A flurry of drone announcements threatens to diminish interest in the DJI Phantom 4. It remains to be seen whether they can compete on quality and stability – but they certainly set a new price point. One of the advantages of being a B&H affiliate is the ability to borrow equipment for review. A trip to Newfoundland seemed to offer the ideal opportunity to try out my first drone, and the Phantom 4 is currently regarded as the best in class.
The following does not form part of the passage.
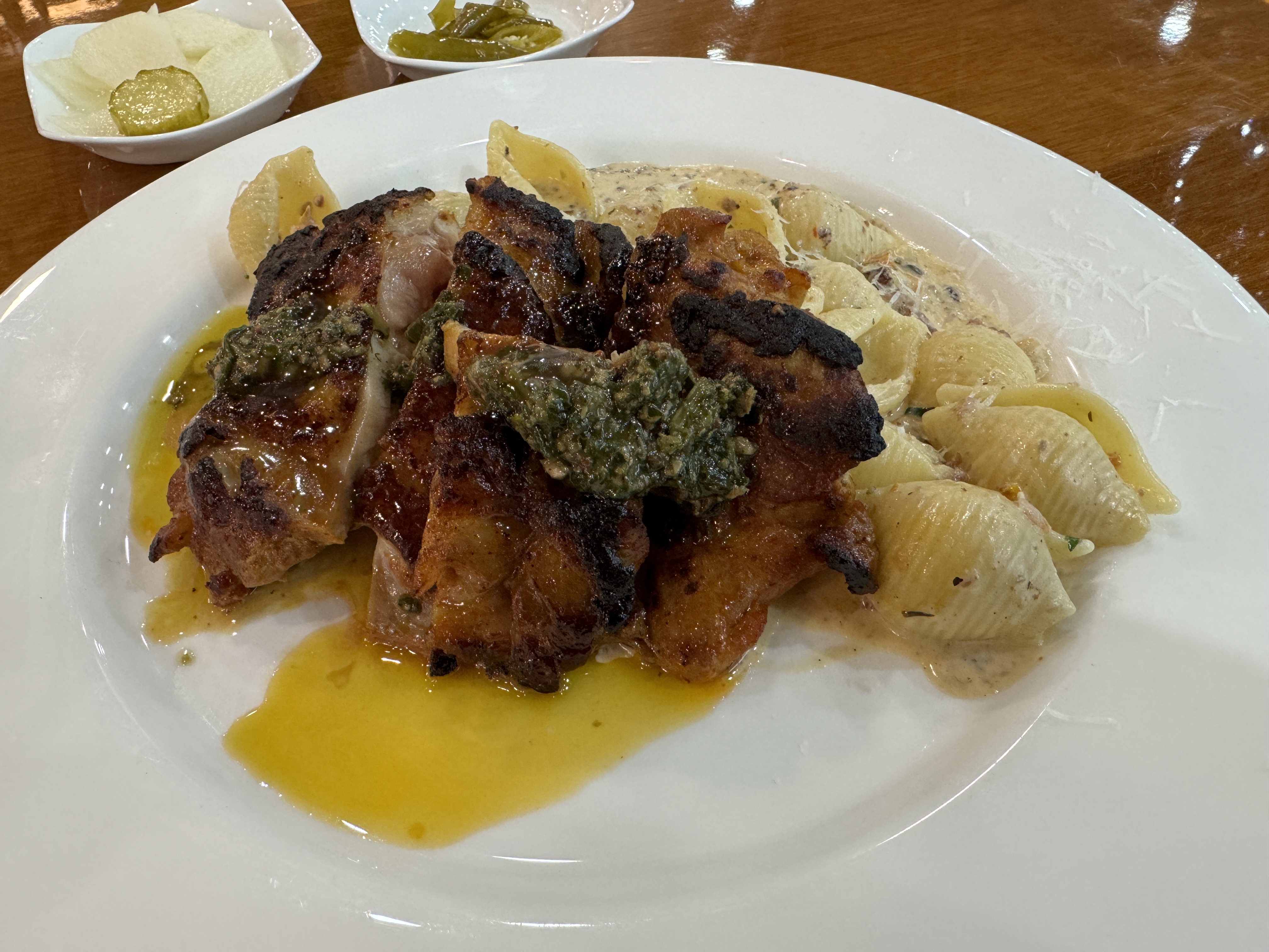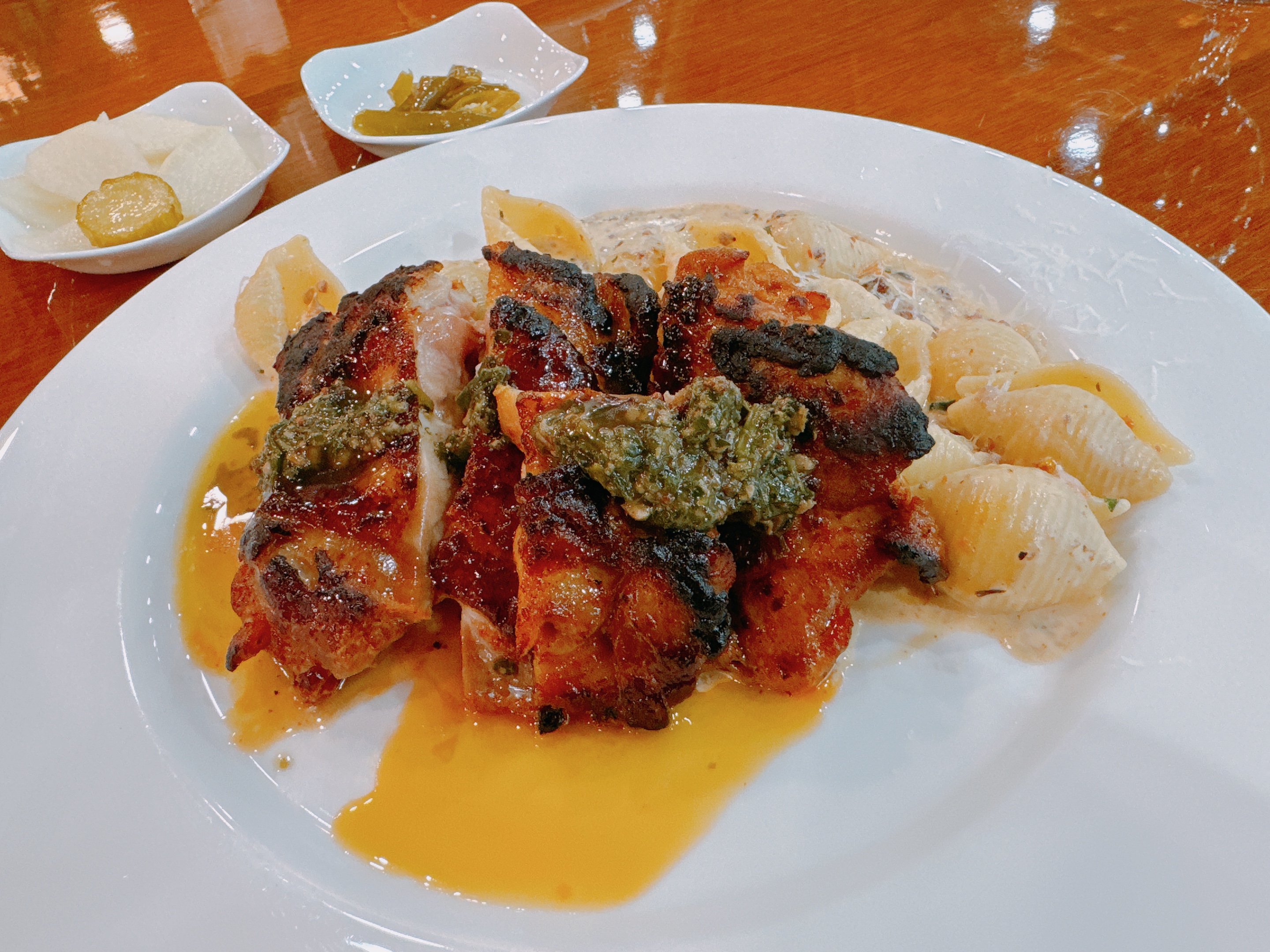 야채 살사를 올린 치킨 스테이크와 콘킬리에로 조리한 크림 파스타를 주문했는데

We drove through Quebec City, stopped at the world’s biggest axe in Nackawic New Brunswick and took the overnight ferry to Newfoundland. On the way to Pike’s Arm we stopped in Norris Point to visit Gros Morne National Park, where I was disappointed to learn that unmanned vehicles are not allowed.
Behind the Scenes
With the assistance of my friend Thom, who has been flying a Phantom 4 for a while, I got some familiarity with the system before I left. Thom shot the footage of the Phantom 4 in the air while we buzzed around Toronto’s Humber Bay Bridge.
The on-camera scenes were recorded using the Fuji X-T2, and the Phantom 4, which is excellent for selfies even if it is a little noisy. The app screens, recorded from an Asus ZenPhone were recorded using a Sony A6300 with the SEL 30M35 macro lens.
On camera audio recorded with the Rodelink Filmmaker kit, voice over with the Rode NT USB. Edited using Final Cut 10.2.3 on a 5K iMac.